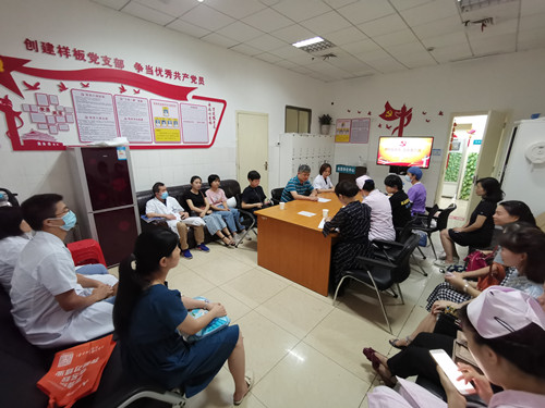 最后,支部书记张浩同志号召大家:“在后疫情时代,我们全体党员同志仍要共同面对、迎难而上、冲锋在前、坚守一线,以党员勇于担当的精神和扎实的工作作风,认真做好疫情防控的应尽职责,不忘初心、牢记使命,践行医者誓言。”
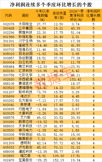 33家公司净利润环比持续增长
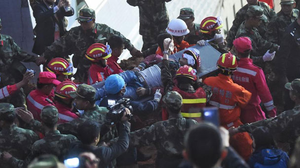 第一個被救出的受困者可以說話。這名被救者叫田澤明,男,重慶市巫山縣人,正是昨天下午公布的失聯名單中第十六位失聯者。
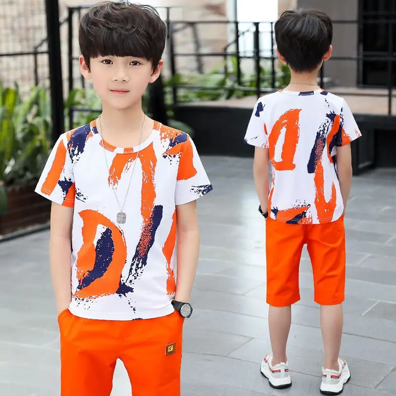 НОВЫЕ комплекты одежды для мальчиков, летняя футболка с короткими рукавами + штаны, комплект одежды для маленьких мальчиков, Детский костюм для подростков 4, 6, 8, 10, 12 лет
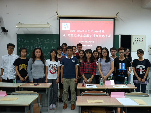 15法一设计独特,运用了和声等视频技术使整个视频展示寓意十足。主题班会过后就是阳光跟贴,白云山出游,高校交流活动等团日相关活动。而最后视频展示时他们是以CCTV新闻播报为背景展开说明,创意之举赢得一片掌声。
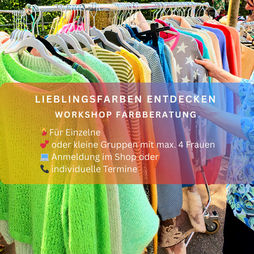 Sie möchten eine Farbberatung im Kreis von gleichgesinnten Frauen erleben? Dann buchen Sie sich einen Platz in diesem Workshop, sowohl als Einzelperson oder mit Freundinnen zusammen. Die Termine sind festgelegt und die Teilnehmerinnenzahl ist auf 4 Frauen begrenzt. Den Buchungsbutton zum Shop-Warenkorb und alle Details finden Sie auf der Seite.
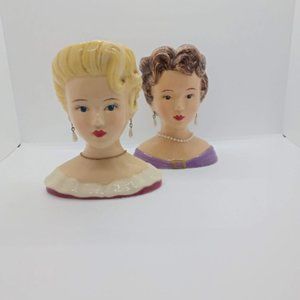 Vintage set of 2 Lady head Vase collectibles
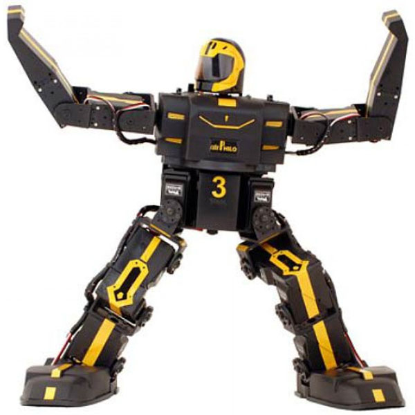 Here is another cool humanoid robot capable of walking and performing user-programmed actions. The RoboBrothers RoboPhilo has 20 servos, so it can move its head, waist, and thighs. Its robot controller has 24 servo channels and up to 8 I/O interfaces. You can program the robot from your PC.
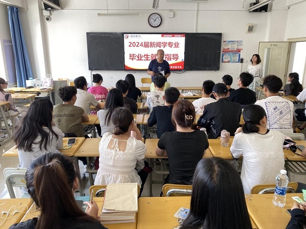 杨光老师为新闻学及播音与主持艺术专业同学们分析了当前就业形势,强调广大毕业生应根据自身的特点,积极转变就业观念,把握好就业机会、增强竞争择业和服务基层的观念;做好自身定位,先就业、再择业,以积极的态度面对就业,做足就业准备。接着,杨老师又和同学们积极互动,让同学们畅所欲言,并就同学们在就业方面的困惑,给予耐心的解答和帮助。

◇ ◇ ◇

After removing the pictures, set down every record above exactly as it stands.

 最后,支部书记张浩同志号召大家:“在后疫情时代,我们全体党员同志仍要共同面对、迎难而上、冲锋在前、坚守一线,以党员勇于担当的精神和扎实的工作作风,认真做好疫情防控的应尽职责,不忘初心、牢记使命,践行医者誓言。”
 33家公司净利润环比持续增长
 第一個被救出的受困者可以說話。這名被救者叫田澤明,男,重慶市巫山縣人,正是昨天下午公布的失聯名單中第十六位失聯者。
 НОВЫЕ комплекты одежды для мальчиков, летняя футболка с короткими рукавами + штаны, комплект одежды для маленьких мальчиков, Детский костюм для подростков 4, 6, 8, 10, 12 лет
 15法一设计独特,运用了和声等视频技术使整个视频展示寓意十足。主题班会过后就是阳光跟贴,白云山出游,高校交流活动等团日相关活动。而最后视频展示时他们是以CCTV新闻播报为背景展开说明,创意之举赢得一片掌声。
 Sie möchten eine Farbberatung im Kreis von gleichgesinnten Frauen erleben? Dann buchen Sie sich einen Platz in diesem Workshop, sowohl als Einzelperson oder mit Freundinnen zusammen. Die Termine sind festgelegt und die Teilnehmerinnenzahl ist auf 4 Frauen begrenzt. Den Buchungsbutton zum Shop-Warenkorb und alle Details finden Sie auf der Seite.
 Vintage set of 2 Lady head Vase collectibles
 Here is another cool humanoid robot capable of walking and performing user-programmed actions. The RoboBrothers RoboPhilo has 20 servos, so it can move its head, waist, and thighs. Its robot controller has 24 servo channels and up to 8 I/O interfaces. You can program the robot from your PC.
 杨光老师为新闻学及播音与主持艺术专业同学们分析了当前就业形势,强调广大毕业生应根据自身的特点,积极转变就业观念,把握好就业机会、增强竞争择业和服务基层的观念;做好自身定位,先就业、再择业,以积极的态度面对就业,做足就业准备。接着,杨老师又和同学们积极互动,让同学们畅所欲言,并就同学们在就业方面的困惑,给予耐心的解答和帮助。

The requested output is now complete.